Para aquellos cuya vida discurría ajena a lo digital, el mundo parecería haberse detenido casi por completo. Aquellos que veían lo digital como una suerte de mal necesario —al que de vez en cuando recurrían por su probada utilidad—, tal vez alcancen hoy a ver una cierta agitación en la superficie del agua. Sin embargo, aquellos para quienes lo digital había pasado a ser algo natural, vienen siendo testigos de una brutal explosión de vida.

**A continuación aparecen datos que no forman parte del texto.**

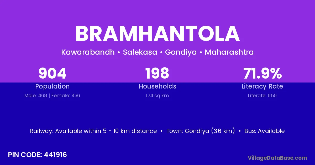 Gondiya (36 km) is the nearest town to Bramhantola village for major economic activities and is located approximately 36 km away.

Y, ante el pasmo de los del primer y segundo grupo, esta explosión de vida se vive como algo normal.
2. Lo digital
Antes de continuar, es importante que aclaremos de qué hablamos cuando nos referimos a “lo digital”. Lo digital hace alusión a una manera de reproducir el mundo —o crear uno nuevo— usando dígitos. Por ejemplo, en un lenguaje binario, cada cosa tiene asignado un código hecho en base a unos y ceros. Si hablamos de colores en un código HTML —el cual se usa en las páginas web—, el turquesa oscuro es #03989e. De hecho, si uno googlea ese código, de inmediato le aparece el color.
Para un oído no tan entrenado, Twist and shout puede sonar igual en Spotify y en un disco de vinilo. La diferencia es que, en Spotify, uno escucha un sonido digital. Lo que hace Spotify es reproducir un archivo de sonido que no es otra cosa que un complejo código. De hecho, uno puede abrir un archivo mp3 en Block de Notas.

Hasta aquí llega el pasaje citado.